Data excerpts:
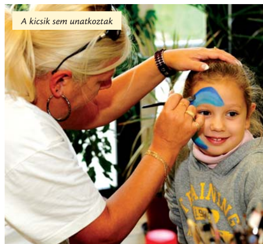
A kicsik sem unatkoztak

még tervezte a szemészeti ellenőrzést is: – Nekem nagyon fontos a személyes kapcsolat, s az, hogy kötetlenül lehet beszélgetni az orvosokkal, a nővérekkel. Jó a hangulat az épületben, nagyok sok az ismerős. Van, akivel már a korábbi egészségnapokon találkoztam, másokat eddig látásból ismertem, és most már személyesen is. Sze-
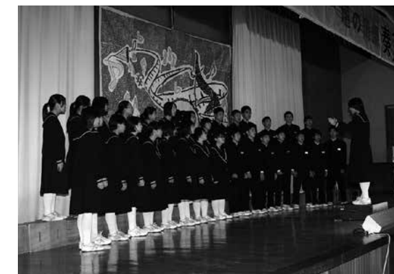
中学校生活最後の壇の岡祭となる三年生の合唱
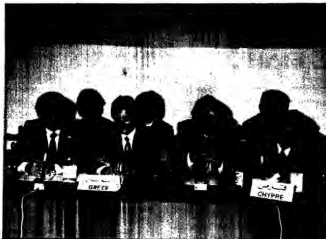
Οι αντιπροσωπείες Ελλάδας και Κύπρου στην Αίθουσα Συνεδριάσεων της Διάσκεψης της Τύνιδας.

Οι αντιπροσωπείες των εκπαιδευτικών συνδικαλιστικών οργανώσεων της Ελλάδας, Τουρκίας και Κύπρου που συμμετείχαμε, από 13-15 Δεκέμβρη 1982, στη Μεσογειακή
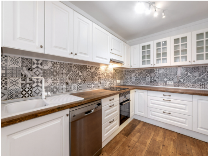
Sehr gepflegte Küche
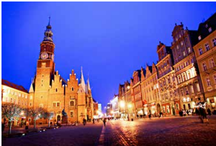
Torget i gamlebyen i Wrocław ble gjenreist etter krigen. Et naturlig og livlig sentrum i byen.

Reiselysten? Sjekk våre guider og tips på ap.no/reise
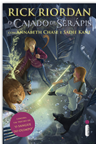
O cajado de Serápis
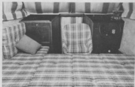
Her er bordet sænket og førerstolen drejet ud, hvorved der er blevet en dejlig bred dobbeltsøfa.
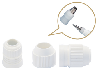
花嘴换模器 聚丙烯(PP) SN77914 小(2入) 23x35mm SN7792 大 3件组
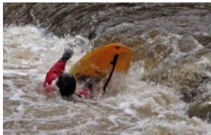
nombreux bains rafraichissants
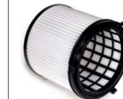
Serienmäßig: EPA12 Feinstaub-Filterpatrone Art.-Nr. 109.058
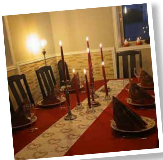
Julebordet er dekket på Beit Betania
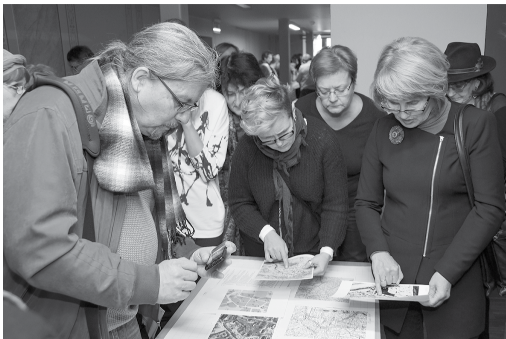
Arhitektūras dienu ietvaros dalībniekiem praktiskajās darbnīcās bija jāgatavo priekšlikumi degradēto teritoriju iekļaušanai un atjaunošanai vēsturiskajā vidē.
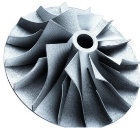
<p>LMF hat sich im Automobilbau vor allem bei Strömungsmaschinen und Wärmeüberträgern etabliert.</p> – Philipp Reinhard
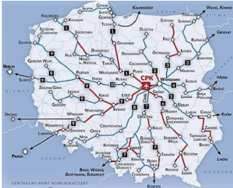
Geplanter Eisenbahnknotenpunkt am künftigen Zentralen Flughafen (CPK) bei Łódź, der bis 2027 fertiggestellt werden soll

nischen Zentralen Flughafen geht. Nicht nur der Personenverkehr und die Konkurrenz zum neuen Flughafen Berlin Brandenburg stehen zur Debatte. Von viel größerer Bedeutung ist das gleichzeitig entstehende Schienennetz, das sich an dem geplanten Flughafen zu einem riesigen Eisenbahnknotenpunkt bündeln soll.
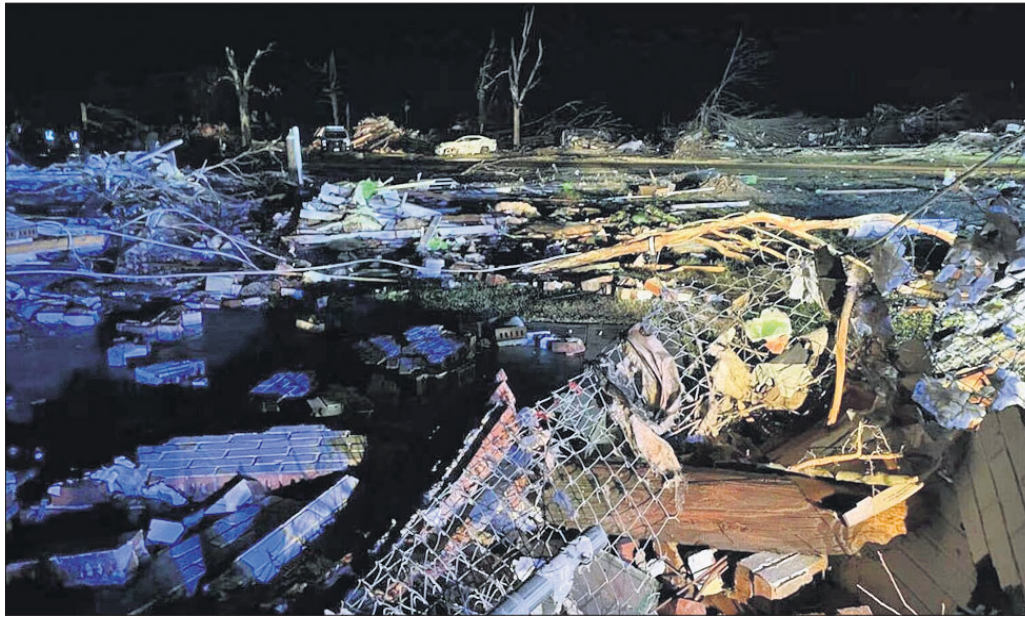
ବାତ୍ୟା ଯୋଗୁ ମିସିସିପିର ରୋଲିଙ୍ଗ ଫର୍ଟ ସହର ଧ୍ୱସ୍ତବିଧ୍ୱସ୍ତ ହୋଇଯାଇଛି।
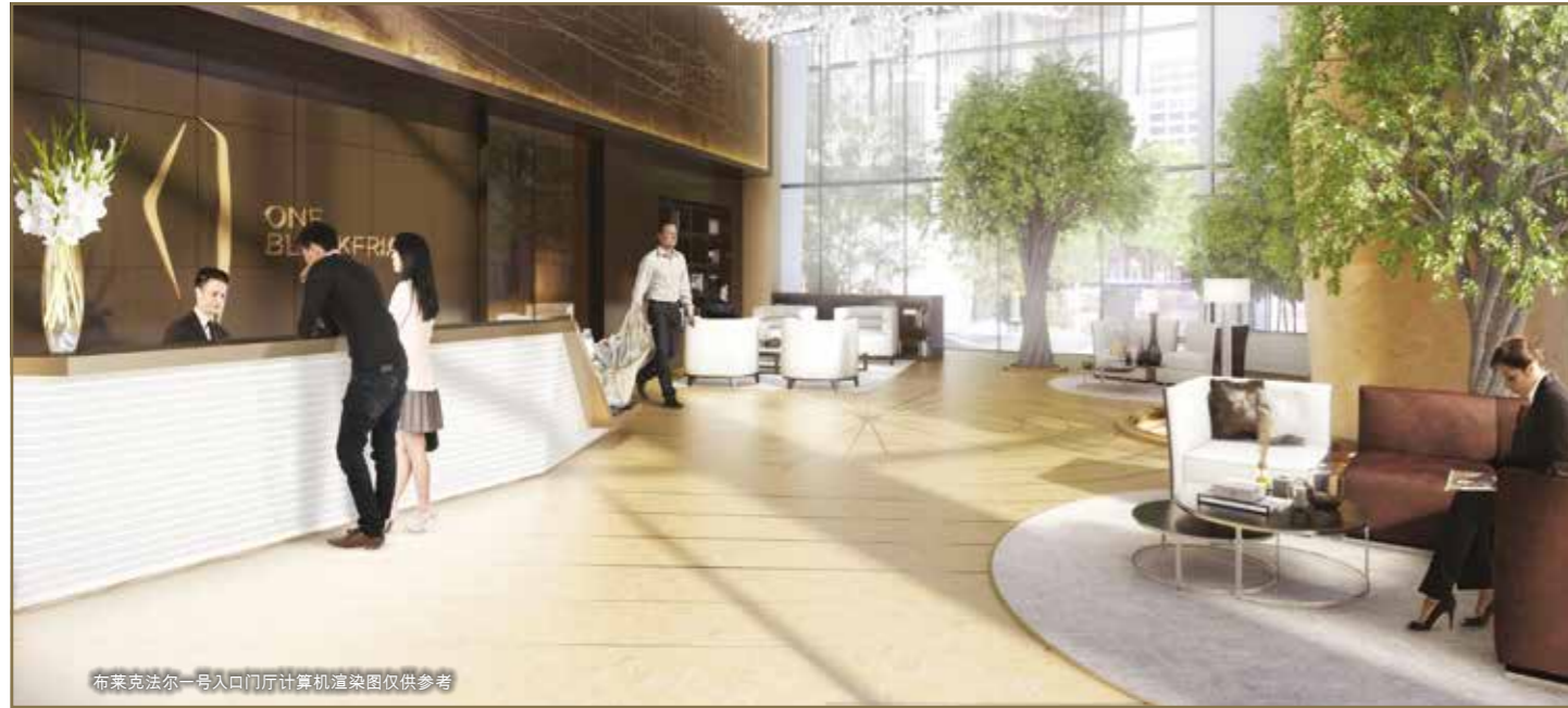
布莱克法尔一号入口门厅计算机渲染图仅供参考
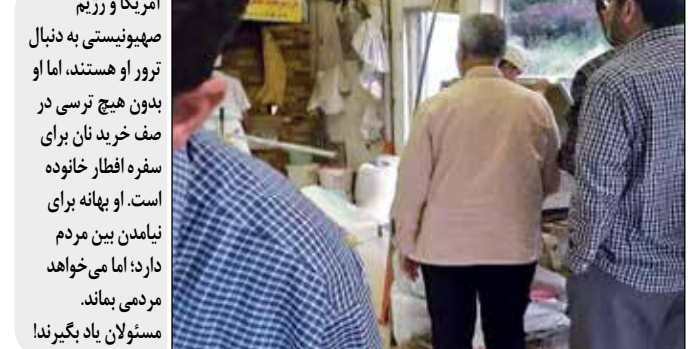
آمریکا و رژیم صهیونیستی به دنبال ترور او هستند، اما او بدون هیچ ترسی در صف خرید نان برای سفره افطار خانواده است. او بهانه برای نیامدن بین مردم دارد؛ اما می‌خواهد مسئولان بگیرند!

روی خط خبر تقاضا برای مرد تکراری «مجید انصاری» به تازگی گفته است: «شخصیتی مثل آقای خاتمی در دوران ریاست‌جمهوری خود، محبوبیت، مقبولیت و اعتباری در بین کشورهای اروپایی و سازمان ملل داشتند... چرا در این ایام که باید ما دیپلماسی فعال‌تری داشته باشیم از ظرفیت ایشان برای همراه کردن کشورهای جهان با ایران و خنثی‌سازی توطئه‌ها و تحریم‌ها استفاده نمی‌کنیم؟» شخصیت متین و نجیب‌ا‌مورد اشاره او کسی است که با نانچیبی تمام، فتنه سال ۸۸ را بر رهبری نظام و ایران و متعاقب آن، سنگین‌ترین تحریم‌های تاریخ را بر مردم تحمیل کرد و هنوز هم با اینکه در خفی اذعان کرده است تقلبی در کار نیست؛ اما به طور آشکار از عذرخواهی ایا دارد. «محمد خاتمی» نه تنها در دولت خودش نتوانست تحریم کلاتی را علیه ایران لغو کند، بلکه نسخه‌های شبه برجامی او نیز هیچ موفقیتی برای کشور به همراه نداشت و دست آخر نیز شکست خورد.
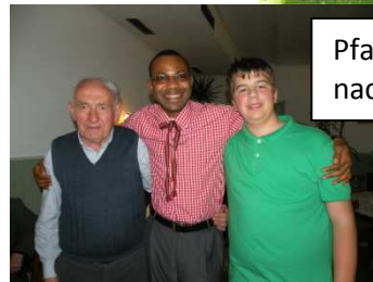
Pfarrerausflug nach Steyr Tabor
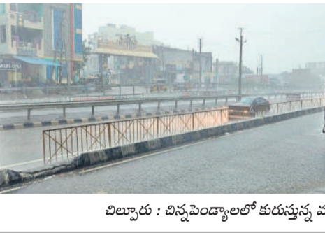
విల్వారు : చిన్నపెండ్యాలలో తుర్రున్న వర్షం

నేలకూలాయి. వెంకటాపూర్ మండలంలోని పాలపేట-వెంకటాపూర్ రహదారిలో చెట్టు కూడడంతో గంట పాటు రాకపోకలకు అంతరాయం ఏర్పడింది. హనుమకొండ జిల్లా శాయంపేట, అత్తకూరు మండలాల్లో పాటు మహబూబాబాద్ జిల్లా డోర్నకల్ మున్సిపాలిటీ పరిధిలోని బొక్కలకొట్టి పద్ద చెట్టు విరిగి 11 కేబి విద్యుత్ లైన్పై పడడంతో విద్యుత్ సరఫరాకు అంతరాయం ఏర్పడింది. అలాగే ముల్కలపల్లి పద్ద విద్యుత్ స్తంభాలు విరిగిపోయాయి. అలాగే నర్సంపాలపేట, నెల్లికూరు, దండాపల్లి, చిన్నగూడూరు మండలాల్లోని పలు గ్రామాల్లో సైతం భారీ వర్షం కురిసింది.

Directions for this task: The records above must be printed exactly; the pictures stay out.

Task result:
A kicsik sem unatkoztak

még tervezte a szemészeti ellenőrzést is: – Nekem nagyon fontos a személyes kapcsolat, s az, hogy kötetlenül lehet beszélgetni az orvosokkal, a nővérekkel. Jó a hangulat az épületben, nagyok sok az ismerős. Van, akivel már a korábbi egészségnapokon találkoztam, másokat eddig látásból ismertem, és most már személyesen is. Sze-
中学校生活最後の壇の岡祭となる三年生の合唱
Οι αντιπροσωπείες Ελλάδας και Κύπρου στην Αίθουσα Συνεδριάσεων της Διάσκεψης της Τύνιδας.

Οι αντιπροσωπείες των εκπαιδευτικών συνδικαλιστικών οργανώσεων της Ελλάδας, Τουρκίας και Κύπρου που συμμετείχαμε, από 13-15 Δεκέμβρη 1982, στη Μεσογειακή
Sehr gepflegte Küche
Torget i gamlebyen i Wrocław ble gjenreist etter krigen. Et naturlig og livlig sentrum i byen.

Reiselysten? Sjekk våre guider og tips på ap.no/reise
O cajado de Serápis
Her er bordet sænket og førerstolen drejet ud, hvorved der er blevet en dejlig bred dobbeltsøfa.
花嘴换模器 聚丙烯(PP) SN77914 小(2入) 23x35mm SN7792 大 3件组
nombreux bains rafraichissants
Serienmäßig: EPA12 Feinstaub-Filterpatrone Art.-Nr. 109.058
Julebordet er dekket på Beit Betania
Arhitektūras dienu ietvaros dalībniekiem praktiskajās darbnīcās bija jāgatavo priekšlikumi degradēto teritoriju iekļaušanai un atjaunošanai vēsturiskajā vidē.
<p>LMF hat sich im Automobilbau vor allem bei Strömungsmaschinen und Wärmeüberträgern etabliert.</p> – Philipp Reinhard
Geplanter Eisenbahnknotenpunkt am künftigen Zentralen Flughafen (CPK) bei Łódź, der bis 2027 fertiggestellt werden soll

nischen Zentralen Flughafen geht. Nicht nur der Personenverkehr und die Konkurrenz zum neuen Flughafen Berlin Brandenburg stehen zur Debatte. Von viel größerer Bedeutung ist das gleichzeitig entstehende Schienennetz, das sich an dem geplanten Flughafen zu einem riesigen Eisenbahnknotenpunkt bündeln soll.
ବାତ୍ୟା ଯୋଗୁ ମିସିସିପିର ରୋଲିଙ୍ଗ ଫର୍ଟ ସହର ଧ୍ୱସ୍ତବିଧ୍ୱସ୍ତ ହୋଇଯାଇଛି।
布莱克法尔一号入口门厅计算机渲染图仅供参考
آمریکا و رژیم صهیونیستی به دنبال ترور او هستند، اما او بدون هیچ ترسی در صف خرید نان برای سفره افطار خانواده است. او بهانه برای نیامدن بین مردم دارد؛ اما می‌خواهد مسئولان بگیرند!

روی خط خبر تقاضا برای مرد تکراری «مجید انصاری» به تازگی گفته است: «شخصیتی مثل آقای خاتمی در دوران ریاست‌جمهوری خود، محبوبیت، مقبولیت و اعتباری در بین کشورهای اروپایی و سازمان ملل داشتند... چرا در این ایام که باید ما دیپلماسی فعال‌تری داشته باشیم از ظرفیت ایشان برای همراه کردن کشورهای جهان با ایران و خنثی‌سازی توطئه‌ها و تحریم‌ها استفاده نمی‌کنیم؟» شخصیت متین و نجیب‌ا‌مورد اشاره او کسی است که با نانچیبی تمام، فتنه سال ۸۸ را بر رهبری نظام و ایران و متعاقب آن، سنگین‌ترین تحریم‌های تاریخ را بر مردم تحمیل کرد و هنوز هم با اینکه در خفی اذعان کرده است تقلبی در کار نیست؛ اما به طور آشکار از عذرخواهی ایا دارد. «محمد خاتمی» نه تنها در دولت خودش نتوانست تحریم کلاتی را علیه ایران لغو کند، بلکه نسخه‌های شبه برجامی او نیز هیچ موفقیتی برای کشور به همراه نداشت و دست آخر نیز شکست خورد.
Pfarrerausflug nach Steyr Tabor
విల్వారు : చిన్నపెండ్యాలలో తుర్రున్న వర్షం

నేలకూలాయి. వెంకటాపూర్ మండలంలోని పాలపేట-వెంకటాపూర్ రహదారిలో చెట్టు కూడడంతో గంట పాటు రాకపోకలకు అంతరాయం ఏర్పడింది. హనుమకొండ జిల్లా శాయంపేట, అత్తకూరు మండలాల్లో పాటు మహబూబాబాద్ జిల్లా డోర్నకల్ మున్సిపాలిటీ పరిధిలోని బొక్కలకొట్టి పద్ద చెట్టు విరిగి 11 కేబి విద్యుత్ లైన్పై పడడంతో విద్యుత్ సరఫరాకు అంతరాయం ఏర్పడింది. అలాగే ముల్కలపల్లి పద్ద విద్యుత్ స్తంభాలు విరిగిపోయాయి. అలాగే నర్సంపాలపేట, నెల్లికూరు, దండాపల్లి, చిన్నగూడూరు మండలాల్లోని పలు గ్రామాల్లో సైతం భారీ వర్షం కురిసింది.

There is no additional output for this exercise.